A. Biological System
[0033] A biological system in the context of the present invention
is an organism or a part of an organism, including functional
parts, the organism being referred to herein as a subject. The
subject is generally a mammal, including a human. The subject can
be an individual human being in a human population. The term
"mammal" as used herein includes or comprises but is not limited to
a human, non-human primate, mouse, rat, dog, cat, cow, sheep,
horse, and pig. Mammals other than humans can be advantageously
used as subjects that can be used to provide a model of a human
disease. The non-human subject can be unmodified, a transgenic
animal, a genetically modified animal, or an animal carrying one or
more genetic mutation(s), or silenced gene(s). A subject can be
male or female. Depending on the objective of the operation, a
subject can be one that has been exposed to an agent of interest. A
subject can be one that has been exposed to an agent over an
extended period of time, optionally including time prior to the
study.

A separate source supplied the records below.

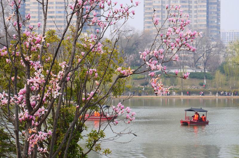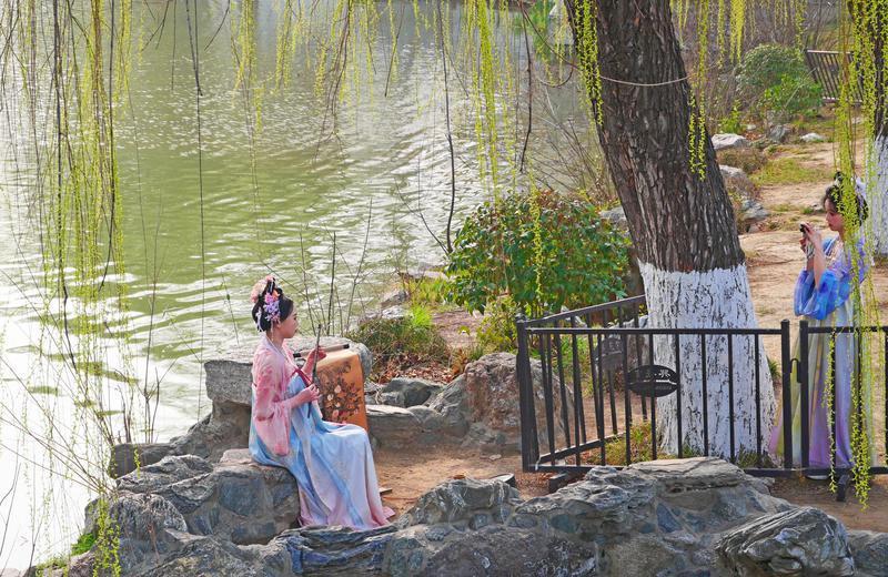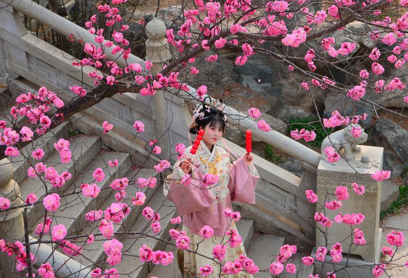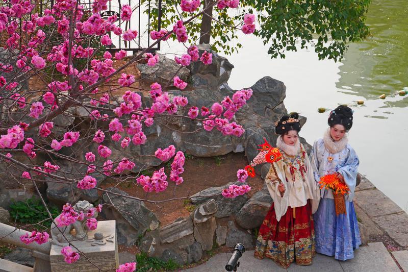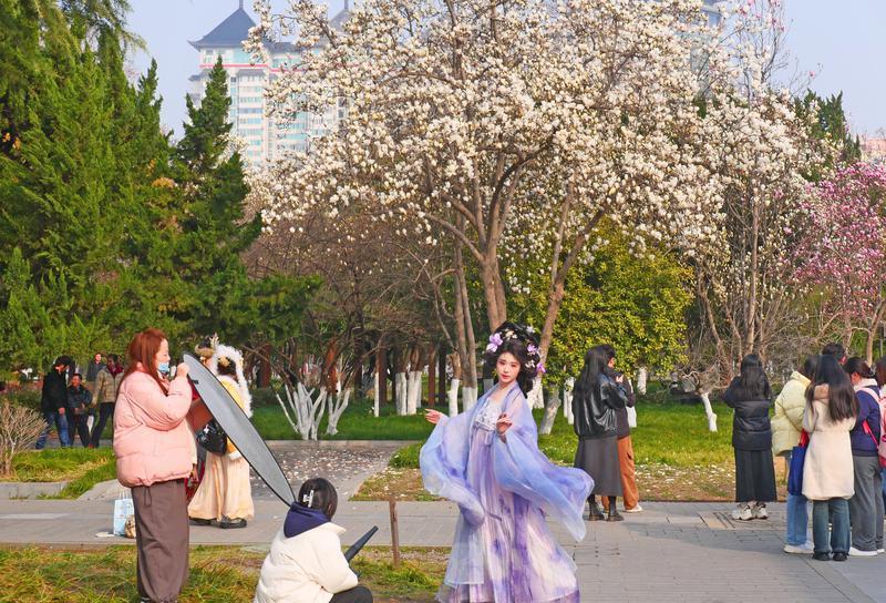3月4日,兴庆宫公园内红梅、杏花、玉兰次第绽放,垂柳吐绿,春意盎然。吸引不少身着汉服的市民游客游园赏花,衣袂翩跹与春色相融,现代建筑与唐风景致交相辉映,尽显古城春日诗意画卷。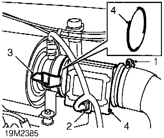1. Loosen clip securing air intake hose to MAF sensor and disconnect.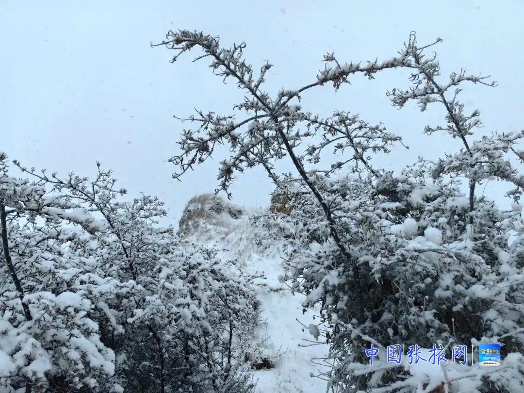 中国张掖网山丹讯 11月23日,坐落在河西走廊峰腰地带的焉支山,悄然迎来今冬首场降雪。雪花纷纷,轻盈洒落,为焉支山披上了一袭素净白衣,尽显北国风光的静谧与诗意。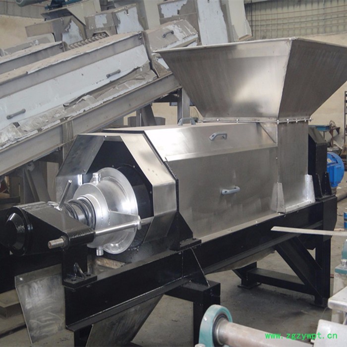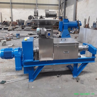 待处理的物料经过泵等工具均匀地输送到螺旋压榨机进料口,经过螺旋叶片挤压和筛网的过滤,水或者汁液经过筛网流到机器下面的接水盘收集后经过管路接走。分离出的固体从后端排出。不同的物料选用不同的筛网(孔径0.1-1mm)、不同的螺旋转速以及适当调整出渣口干湿调节装置来达到**的产量以及渣的干湿程度(或者说通过调整出渣口干湿调节装置以及适当螺旋转速来达到脱水效果和产量的**配合)------含纤维越高,产量越大,脱水后的渣干度也越高;筛网孔径越小,处理的物料的颗粒直径也越小。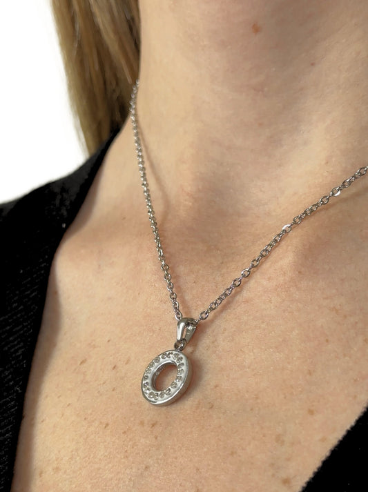 Silver steel necklace with circle of crystals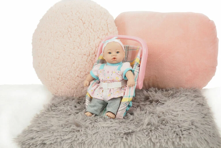 Set includes an adorable 8″ baby doll and a fun accessory: choose a crib or car seat/carrier. This can be your child’s ‘go anywhere” companion! Play bedtime or take baby on an outing! Car seat doll wears an adorable pink jumper, tee, leggings and headband; car seat is lined with pastel plaid fabric and can be adjusted to sit up for feeding or down for a nap. Crib doll comes in a patterned sleeper with cap, and crib with pastel plaid bedding. Lil’ Cuddles by Madame Alexander’s smallest doll is great for those occasions where a child’s full-size baby needs to stay at home. Take baby on visits to grandparents, in the car, to the store! Soft, cuddly, and sweet, our 8″ baby teaches kids to love, nurture and imagine. This 8″ doll has a soft fabric body with molded head and limbs, ready for cuddling. Beautiful realistic face has delicate features with bright set-in eyes. Each doll wears a removable printed jersey knit outfit with a headband and satin ribbon bow. Each doll is packed with a hangtag. Lil’ Cuddles by Madame Alexander dolls are made with ‘love in the details’ for your child to treasure. Our realistic, quality dolls are meant to be played with and loved, so children learn to form meaningful, enduring relationships. Few interactive features and simple accessories invite little ones to imagine a world of their own making. Our baby dolls are made to be played with safely and comfortably, with soft bodies and nontoxic materials. Doll play is important for all children to learn to love, nurture, and develop empathy. It is creative, opening up worlds of imagination to children by providing a special companion for their ideas. It helps build fine and gross motor skills as children progress from infant to toddler and beyond. Recommended ages: 2 and up. Spot clean doll with damp cloth, air dry. Hand wash apparel or machine wash gentle cycle, tumble dry low.

A subject can be one that had been exposed to an agent for a
period of time but is no longer in contact with the agent. A
subject can be one that has been diagnosed or identified as having
a disease. A subject can be one who has already undergone, or is
undergoing treatment of a disease or adverse health condition. A
subject can also be one who exhibits one or more symptoms or risk
factors for a specific health condition or disease. A subject can
be one that is predisposed to but is asymptomatic for a disease. In
certain implementations, the disease or health condition in
question is associated with exposure to an agent or use of an agent
over an extended period of time. According to some implementations,
the system 100 (FIG. 1) contains or generates computerized models
of one or more biological systems and mechanisms of its functions
(collectively, "biological networks" or "network models") that are
relevant to a type of perturbation or an outcome of interest.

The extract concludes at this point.